*Problem*. Each line from the one that holds "This clipboard features" to the end of the records is to be retyped exactly. Pictures are not part of the copy.

*Data for analysis*.
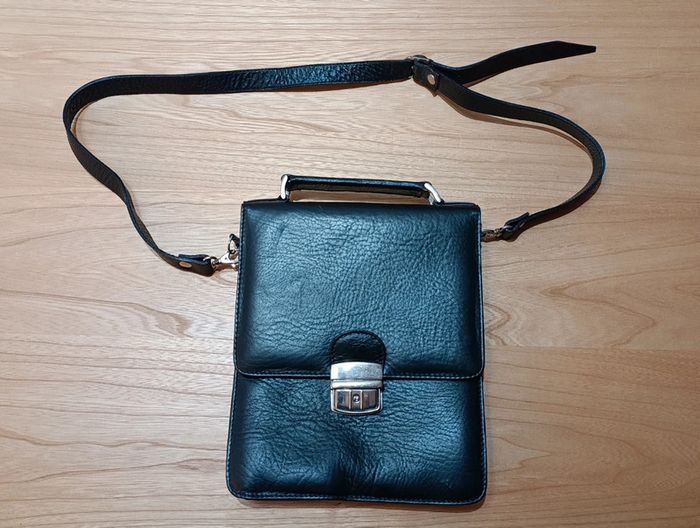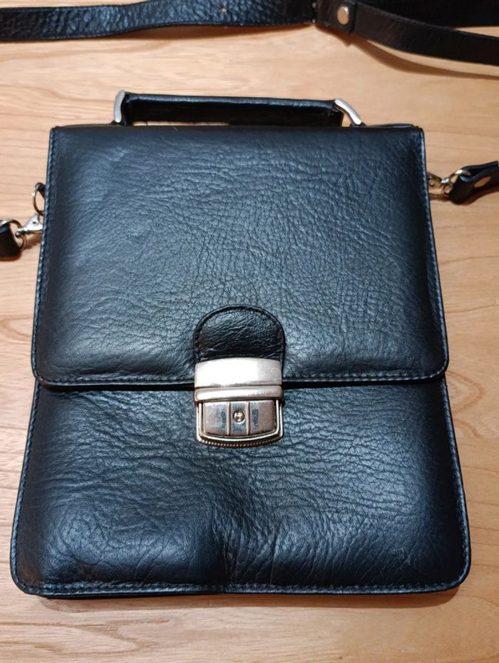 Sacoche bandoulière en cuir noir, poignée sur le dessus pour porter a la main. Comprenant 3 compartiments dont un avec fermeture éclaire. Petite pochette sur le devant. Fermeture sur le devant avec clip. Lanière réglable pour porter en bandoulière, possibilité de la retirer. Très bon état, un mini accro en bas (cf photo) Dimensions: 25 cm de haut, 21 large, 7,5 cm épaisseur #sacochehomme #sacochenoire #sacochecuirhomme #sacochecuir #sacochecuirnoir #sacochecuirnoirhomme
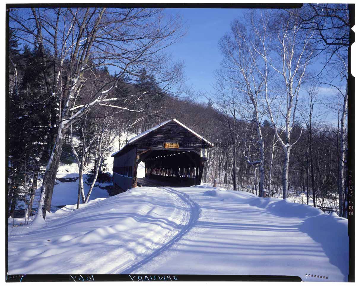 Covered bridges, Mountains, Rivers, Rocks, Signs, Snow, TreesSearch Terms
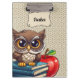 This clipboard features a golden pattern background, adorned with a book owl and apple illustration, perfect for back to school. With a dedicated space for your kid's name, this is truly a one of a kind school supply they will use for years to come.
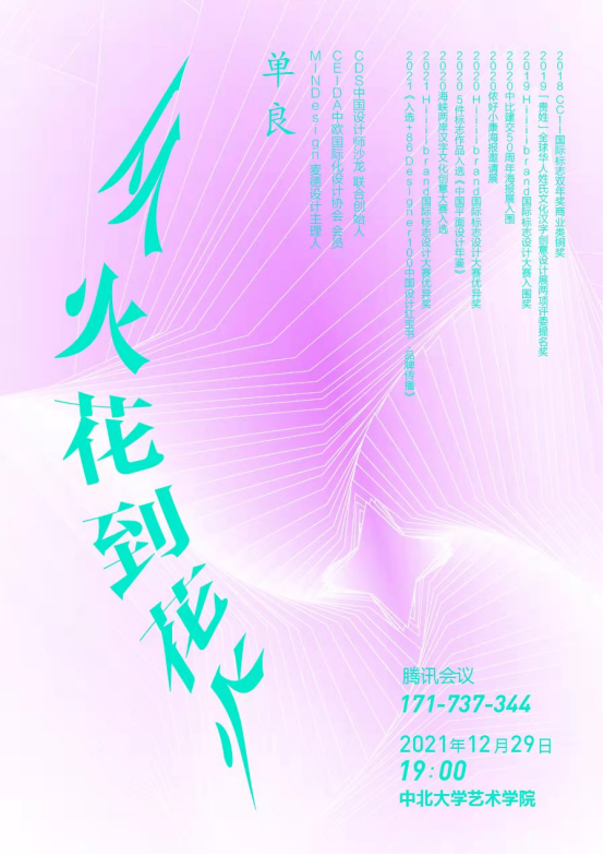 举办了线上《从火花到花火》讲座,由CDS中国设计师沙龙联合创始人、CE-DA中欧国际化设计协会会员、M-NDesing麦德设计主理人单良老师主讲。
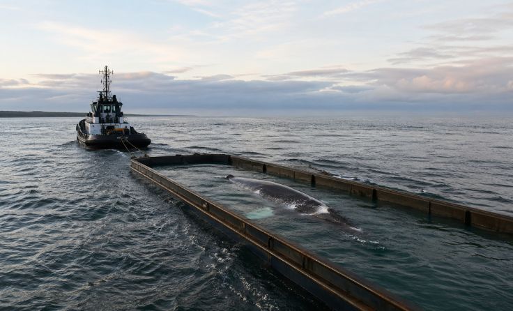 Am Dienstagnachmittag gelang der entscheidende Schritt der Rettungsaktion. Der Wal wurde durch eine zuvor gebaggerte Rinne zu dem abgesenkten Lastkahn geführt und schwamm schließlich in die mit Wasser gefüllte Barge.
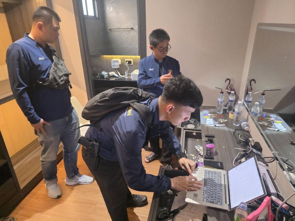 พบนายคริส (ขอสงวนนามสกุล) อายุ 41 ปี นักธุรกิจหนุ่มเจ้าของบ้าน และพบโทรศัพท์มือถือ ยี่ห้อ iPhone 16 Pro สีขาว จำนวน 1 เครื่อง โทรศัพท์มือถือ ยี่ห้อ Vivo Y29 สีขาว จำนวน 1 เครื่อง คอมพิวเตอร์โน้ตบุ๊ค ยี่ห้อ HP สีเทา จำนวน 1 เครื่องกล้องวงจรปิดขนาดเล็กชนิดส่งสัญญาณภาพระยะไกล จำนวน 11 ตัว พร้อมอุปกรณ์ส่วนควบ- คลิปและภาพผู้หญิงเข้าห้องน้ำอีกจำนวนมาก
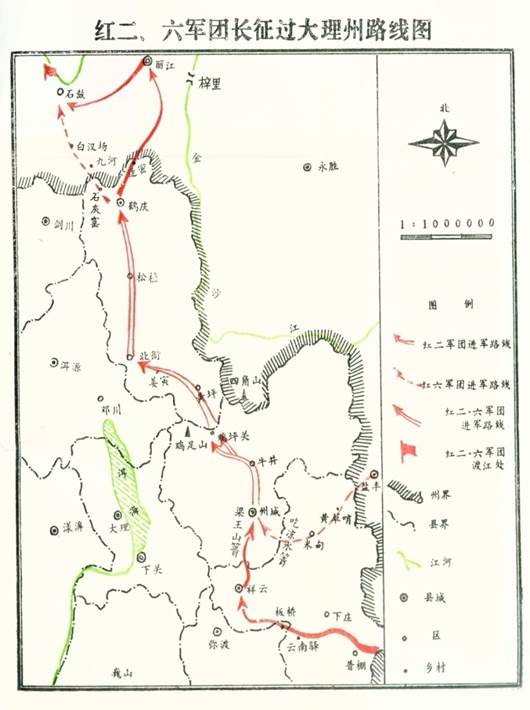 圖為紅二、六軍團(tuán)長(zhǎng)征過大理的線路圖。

*Your solution*.
 This clipboard features a golden pattern background, adorned with a book owl and apple illustration, perfect for back to school. With a dedicated space for your kid's name, this is truly a one of a kind school supply they will use for years to come.
 举办了线上《从火花到花火》讲座,由CDS中国设计师沙龙联合创始人、CE-DA中欧国际化设计协会会员、M-NDesing麦德设计主理人单良老师主讲。
 Am Dienstagnachmittag gelang der entscheidende Schritt der Rettungsaktion. Der Wal wurde durch eine zuvor gebaggerte Rinne zu dem abgesenkten Lastkahn geführt und schwamm schließlich in die mit Wasser gefüllte Barge.
 พบนายคริส (ขอสงวนนามสกุล) อายุ 41 ปี นักธุรกิจหนุ่มเจ้าของบ้าน และพบโทรศัพท์มือถือ ยี่ห้อ iPhone 16 Pro สีขาว จำนวน 1 เครื่อง โทรศัพท์มือถือ ยี่ห้อ Vivo Y29 สีขาว จำนวน 1 เครื่อง คอมพิวเตอร์โน้ตบุ๊ค ยี่ห้อ HP สีเทา จำนวน 1 เครื่องกล้องวงจรปิดขนาดเล็กชนิดส่งสัญญาณภาพระยะไกล จำนวน 11 ตัว พร้อมอุปกรณ์ส่วนควบ- คลิปและภาพผู้หญิงเข้าห้องน้ำอีกจำนวนมาก
 圖為紅二、六軍團(tuán)長(zhǎng)征過大理的線路圖。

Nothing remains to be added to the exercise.